While it appears there may be little application updates for the Android app, it would be totally awesome if the Android TiVo app would support the IR interface that many of the Samsung Android tablets have. 

That would create a one hell of a custom remote control were you could operate everything from the touch screen, the biggest problem with the network remote control currently used is not having any control for the tv power & volume. Samsung includes a remote control application that can control the TiVo though IR which doesn't include the alphanumeric keypad of course. 

It would be very useful to have an all in one app remote control that would combine multiple device IR commands along with the network Tivo remote that allows the alphanumeric keypad. But now after thinking about it I doubt such would happen as it would hurt TiVo's slide pro remote sales. 

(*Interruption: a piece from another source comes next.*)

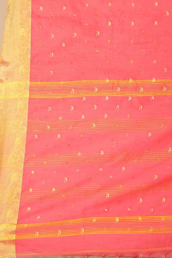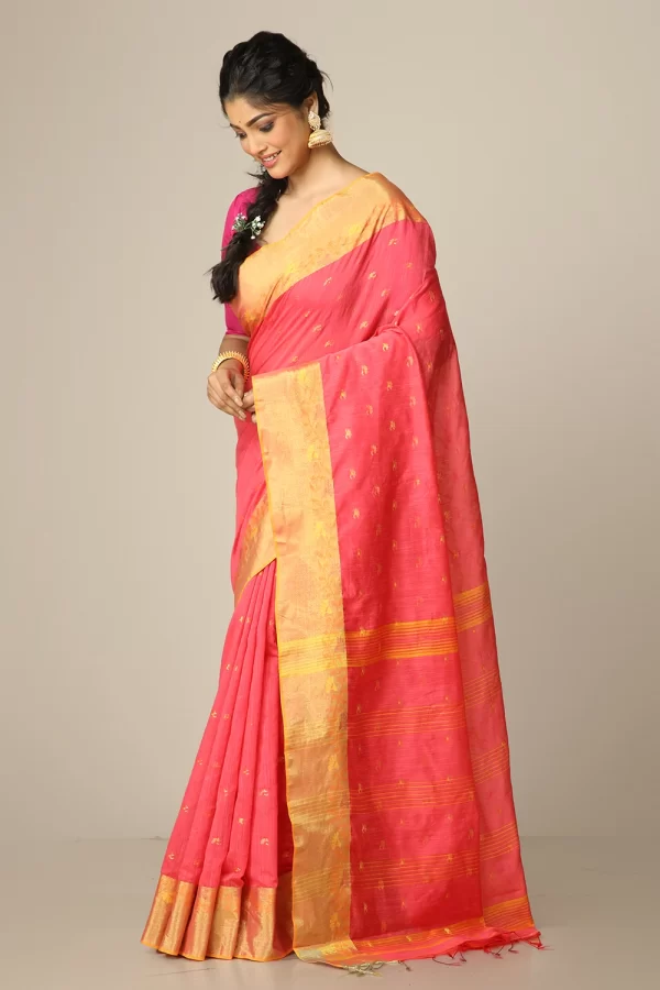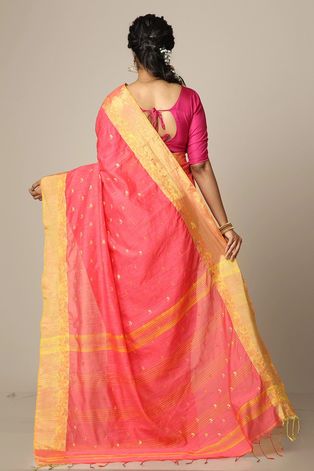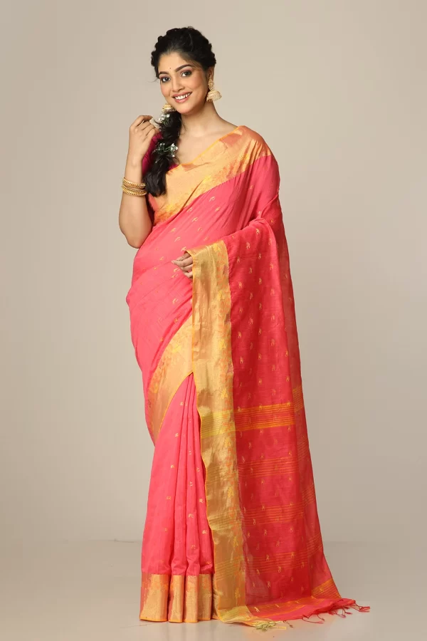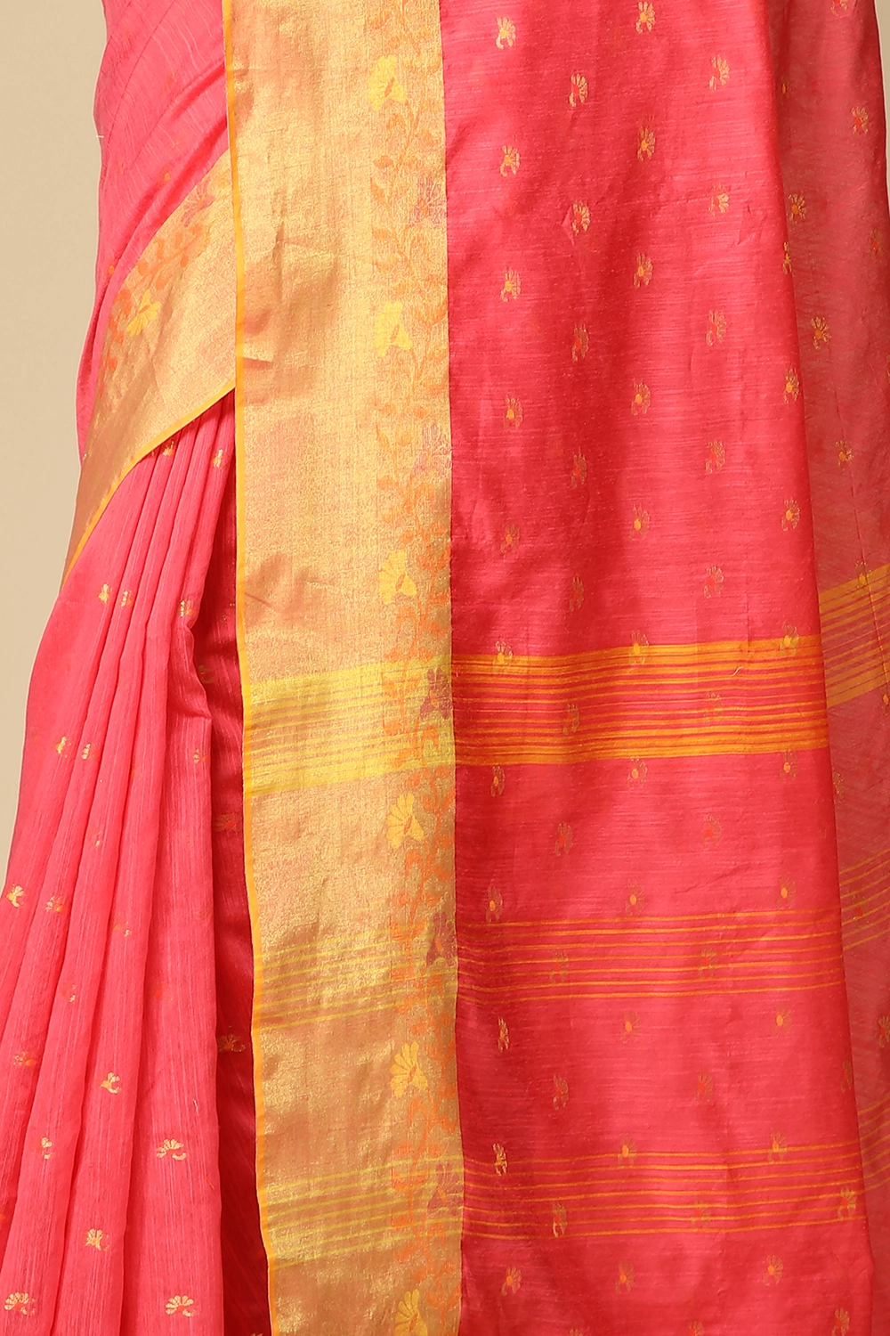 The Strawberry Pink Fancy Handloom Saree From Fulia, West Bengal Is Bordered By Zari Madhabilata On Blended Cotton. This Monochrome Non-Handwoven Ethnic Wear Saree Speaks Of Sophistication. Dry Clean To Last.

Another drawback might be tablet support, other than Samsung, what other manufacturers have a IR transmitter in their tablets/devices? Of course palm pilot did this back in the day but there aren't even in business any more are they?


----------



## bradleys (Oct 31, 2007)

eboydog said:


> ...other than Samsung, what other manufacturers have a IR transmitter in their tablets/devices?


----------



## eboydog (Mar 24, 2006)

Well OK perhaps Tivo will write an app just for me and my Samsung tablet? I would be willing beta test! 

Sure it can't cost much since they don't appear to be working on any other Apple or Android applications, I thought is was the hardware engineers they got rid of, did they fire all the programmers too?


----------